# Lack of familiarisation with machinery on joining



## japottinger

With ref. to above I can only relate my own experience in Brocklebank.
On joining the company I had only done one 3 month trip at sea with another company as 8th eng., not that meant anything, on a twin screw recip. with Bauer Wach ex. turbines and 4 Scotch boilers, and even so most of that time was spent on day work on deck winch maintenance and had never operated the manov. gear or felt round. I opted not to stay there and on applying to Brocklebank was offered post as 4th eng. with Brocklebank, and after a few days in Glasgow we set sail on SS Maihar with myself on my tod as 4th on watch and for rest of the voyage. Russell Gordon was first trip as Chief Eng. and never interfered and came down unless asked. All went well and had no problems with any aspect of the job, but not sure if any other branch of engineering would operate on this basis. .
What do you think?


----------



## John Briggs

Not only engineers, I think the deck side had the same problems.
Joining a new ship in the afternoon and sailing that evening.
As OOW stuck on a dark bridge with a radar that you had never sailed with before and also no idea how the auto pilot worked.
Not good!


----------



## sparkie2182

................and the radio.

I was trained on exclusively Marconi Kit.

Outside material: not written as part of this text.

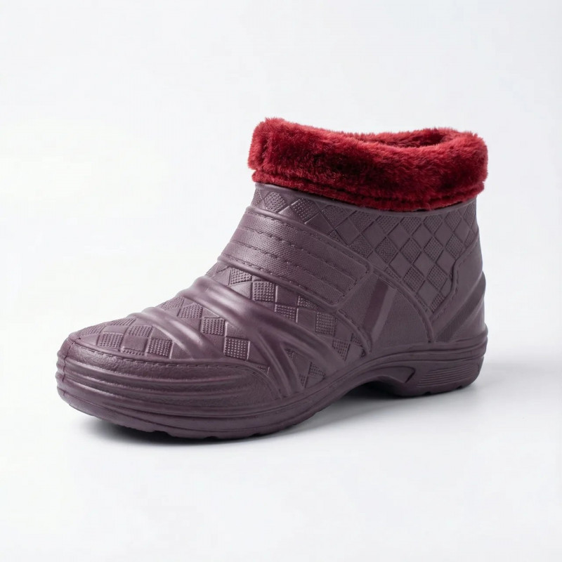 Гумова основа повністю захищає від вологи та бруду, натуральне хутро зберігає тепло навіть у сильний мороз, а короткий фасон дозволяє швидко взуватися. Ідеально для двору, дачі, ринку чи прогулянок з собакою.

Never joined a ship using one single piece upon which i was trained and qualified.


----------



## Supergoods

In 1968 I joined the Manapouri in Liverpool for a coasting run to Avonmouth at the end of Voyage 1, prior to going to New Zealand on Voyage 2 in ballast.
This was my first encounter with bridge control of engines, however we were all well briefed by those who had done voyage 1 and who were staying until Avonmouth.
The Captain was one of the semi retired group that did coastal reliefs.
On arriving on the bridge he surveyed all the new gadgets and announced "Gentlemen, I don't know a thing about all this stuff, you know what to do with it, so call me when we get the Avonmouth pilot on board unless there is an emergency".
It seemed to me then this was a wise man speaking and now I am in this semi retired status, I should remember this before opening my mouth to people who are more experienced.
Ian


----------



## chadburn

The best thing about Bridge Control in it's early day's was that you could switch it off/ overide it/disengage and as with a number of modified land based control system's it had it's problem's when it came to working in the marine enviroment, at the time when you would have thought that it was best used, Docking, the O/M would not use it and preferred Manual.


----------



## Pete Axon

*First Tripper*

Similar experience on my first trip. Joined the Regent Caribou in Tilbury 1963. Was put on watch within 8 hours of joining with the 3rd Eng who, after showing me round the ER and Boiler Room saying things like "watch this or that" and make sure that the water level in the boiler gauge glass stays at least halfway and off he went to get his head down.All went OK for the first hour then I was subjected to a very irate Estonian Donkeyman, shouting and waving his arms ( he didn't speak English and I didn't speak Russian ) His concern became quite clear as I entered the Boiler Room, the glass was MT !! I just stared at the glass and wondered what the hell I was expected to do, the Donkeyman had by now legged it and I feared the worst, was my first trip going to end right there and then without even setting sail ! My prayer was answered after about 5 mins when the 3rd came strolling into the boiler room, wiping sleep out of his eyes and grabbing a weird looking object ( know now this was a valve key ) turned to a equally looking weird machine with steam pouring from it and giving this machine a mighty whack, muttering that the bloody pump was always doing this in port but rarely at sea. Water level restored, Donkeyman returned and 3rd cleared off back to bed, I spent the rest of the watch standing by the pump with the ring key in my sweaty hands and my eyes glued to the glass !!!


----------



## makko

I was on one ship doing a double header when there was a complete crew change with officers who had never been on the ship before - Receive spares, organize bunkers and prepare the job for deep sea. Satisfying knowing that I knew what I was doing!. The machinery always does the same thing with very little differences or foibles. The main thing was a.)finding safety gear, b.)recognizing ladders, accesses and emergency escape and c.)making a drawing in notebook of sea lines, fw lines, steam, fuel, LO, bilge, etc. etc. This is why we were deemed "competent"!!!!
Rgds.
Dave


----------



## Burntisland Ship Yard

Suppose I was lucky in terms of never joined a ship that either I was previously accustomed to the plant or went on watch with another engineer.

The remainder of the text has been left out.